───── PROVIDED DATA

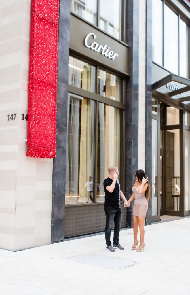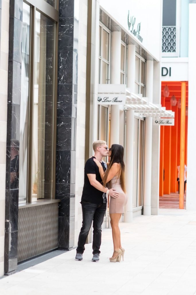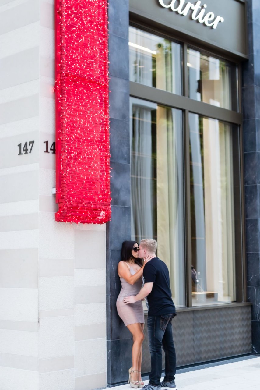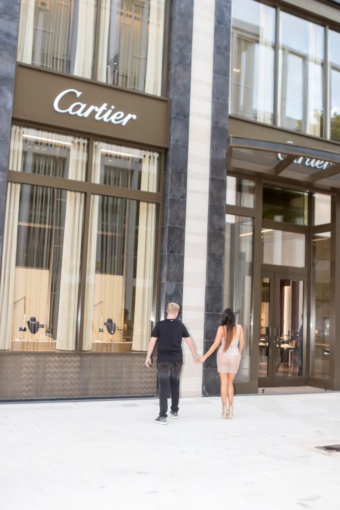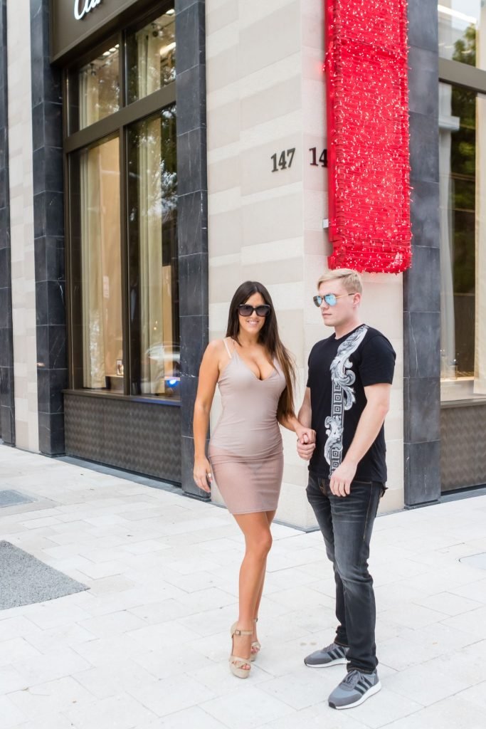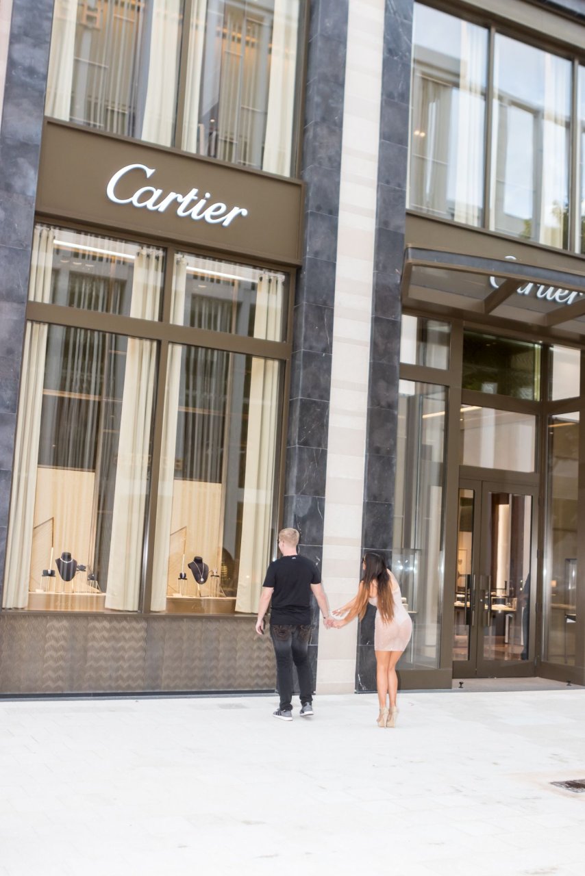 Secret Story IIalian estrella de reality Claudia Romani y su novio Chris Johns fueron vistos en el distrito de diseño de Miami comprando anillos Cartier a juego, 16/11/2017. Claudia llevaba un vestido transparente para que se pudiera ver la tanga.
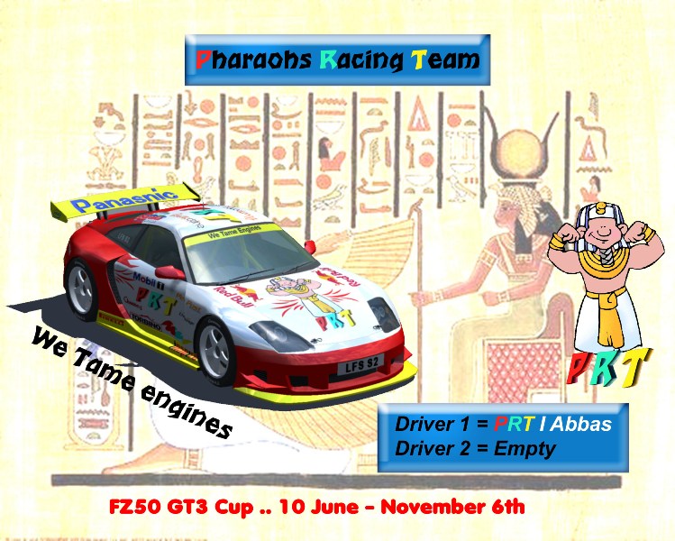 Pharaohs Racing Team recruiting drivers to its new participation in FZ50 GT3 Cup which will start 10th of June & car in use will be FZR with some special confederations.
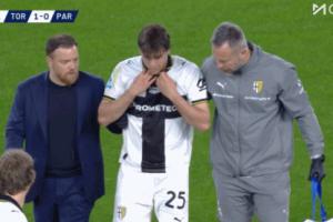比賽第5分鐘,帕爾馬中場克雷馬斯基出現(xiàn)傷情,在場邊接受治療左腿被纏上繃帶。

──────────

WHAT TO DO: Without the pictures, write out the listing exactly as it appears above.

RESULT FOR THIS EXERCISE:
 Secret Story IIalian estrella de reality Claudia Romani y su novio Chris Johns fueron vistos en el distrito de diseño de Miami comprando anillos Cartier a juego, 16/11/2017. Claudia llevaba un vestido transparente para que se pudiera ver la tanga.
 Pharaohs Racing Team recruiting drivers to its new participation in FZ50 GT3 Cup which will start 10th of June & car in use will be FZR with some special confederations.
比賽第5分鐘,帕爾馬中場克雷馬斯基出現(xiàn)傷情,在場邊接受治療左腿被纏上繃帶。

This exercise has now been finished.